The article begins by introducing three Redis dual-active schemes: hot-standby, dual-write, and bidirectional synchronization. Hot-standby is dismissed due to high maintenance costs and poor stability during failover. Dual-write is further divided into four variants: synchronous dual-write, asynchronous dual-write, cluster synchronous dual-write, and cluster asynchronous dual-write.

Synchronous dual-write suffers from high latency (30x increase compared to single write) and complex rollback handling. Asynchronous dual-write reduces latency but introduces data consistency issues. Cluster-level dual-write variants offer lower maintenance costs but inherit the same fundamental problems.

The bidirectional synchronization scheme emerges as the preferred solution, where Redis writes occur only locally while middleware handles cross-region synchronization. The article explains Redis replication mechanisms including offset tracking, backlog buffers, and runid identification. It details the evolution from sync to psync1 to psync2 protocols, addressing issues like breakpoint continuation and master failover.

The data synchronization process is explained through slot allocation logic in Redis Cluster, where keys are distributed across master nodes based on CRC16 modulo 16384. The middleware implementation involves slave node impersonation, where synchronization tasks connect to master nodes using standard replication protocols (AUTH, REPLCONF, PSYNC).

A critical challenge addressed is preventing circular replication in bidirectional setups.
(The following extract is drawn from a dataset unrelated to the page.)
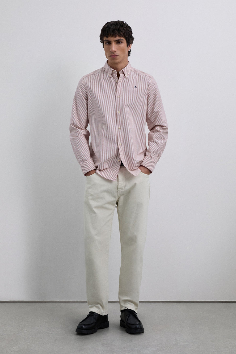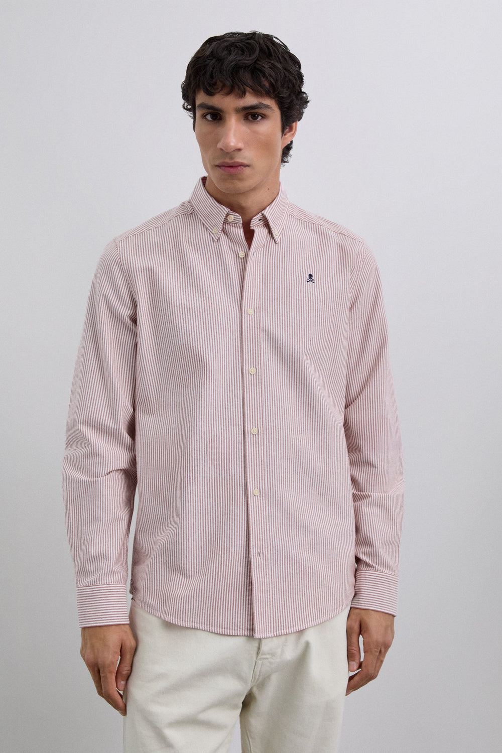 Oxford shirt made of 100% BCI cotton. Button fastening, Striped print. Long sleeves with button fastening. Contrast embroidered skull detail on the chest.

The solution employs fixed-prefix keys with hash tags to ensure slot consistency between original commands and anti-loop markers. The complete bidirectional synchronization architecture is illustrated with center-to-unit and unit-to-center replication flows.

The article concludes with practical insights on single-direction synchronization tasks, explaining why target nodes must be Redis clusters rather than individual masters due to slot distribution differences between data centers.